8. Saisonal und regional
Je nach Jahreszeit verwöhnt uns die Natur mit unterschiedlichem Gemüse und Obst. Wer sich an den natürlichen Erntezeiten orientiert, wird mit aromatischen Zutaten und Abwechslung auf dem Teller belohnt. Der Einkauf von frischem Freilandobst und -gemüse sowie anderen regionalen Lebensmitteln verbraucht viel weniger Energie und verursacht entsprechend weniger Treibhausgase als der Transport aus dem Ausland oder die Produktion in beheizten Treibhäusern. Auch im Winter muss man keineswegs auf frisches, vitaminreiches Gemüse verzichten. Klassische Wintergemüse sind etwa die diversen Kohlsorten, Karotten, Chicorée, Schwarzwurzeln oder Randen. Und Nüsslisalat: Dieser braucht – im Gegensatz zu anderen Salatsorten – kein beheiztes Treibhaus, sondern kann den ganzen Winter über bei Bedarf frisch geerntet werden.

9. Selbst gekocht
Industriell verarbeitete Lebensmittel können die Alltagsküche erleichtern, da sie weniger Zubereitungszeit erfordern. Diese Produkte sollten jedoch gezielt ausgewählt werden.
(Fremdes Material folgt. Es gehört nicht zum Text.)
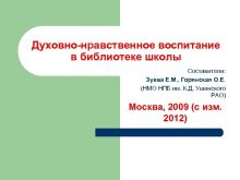 Духовно-нравственное воспитание в библиотеке школы Составители Зуева Е
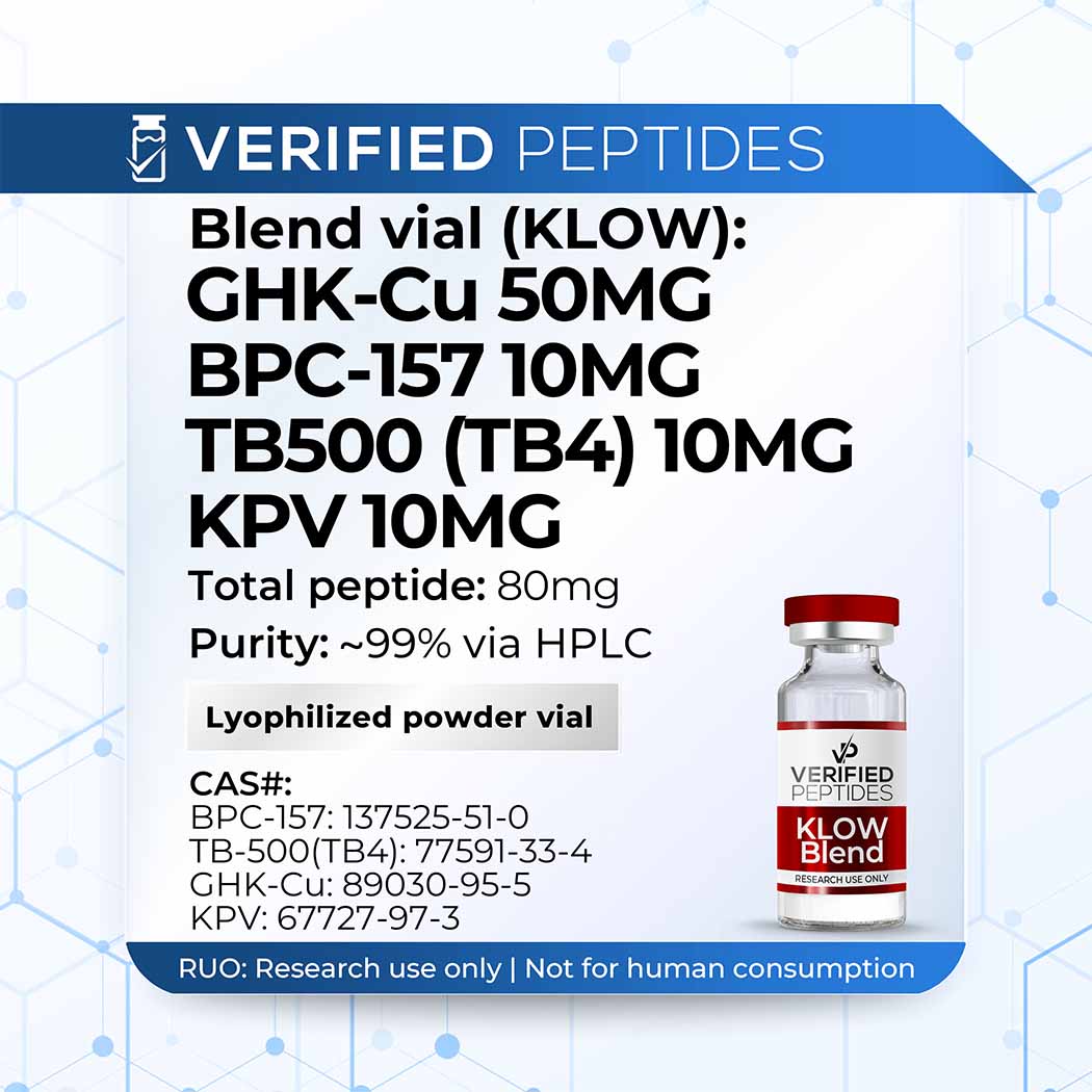 This batch of KPV GHK BPC-157 TB-500 KLOW Blend has been third party lab tested and verified for quality.

Wer selbst kocht, kann den Gehalt an Zucker, Salz und Fett selbst bestimmen und Zusatzstoffe (wie Farbstoffe, Konservierungsmittel und Geschmacksverstärker) meiden. Zudem lässt sich bei vielen Lebensmitteln Energie einsparen. Frisch zubereitete Kartoffeln etwa verursachen 23 Mal weniger Treibhausgase als Tiefkühl-Pommes-frites.

10. Schonend zubereitet
Einen Grossteil unserer Nahrung nehmen wir warm zu uns. Das ist gut so, weil bestimmte Stoffe erst durch den Garprozess bzw. durch ein wenig Fett für den Körper verwertbar gemacht werden. Das gilt auch für Gemüse. Zum Beispiel kann der Körper durch das Zerkleinern und Erhitzen von Karotten den Wirkstoff Beta-Carotin besser aufnehmen. Gibt man noch ein wenig Rahm oder Öl hinzu, steigert das die Aufnahme fettlöslicher Substanzen. Wasserlösliche Vitamine und Mineralstoffe bleiben erhalten, wenn Gemüse bissfest gekocht oder gedämpft wird. Beim Garen sollte möglichst wenig Wasser verwendet werden. Es sei denn, man verwendet das Kochwasser weiter, zum Beispiel für eine Sauce oder eine Suppe.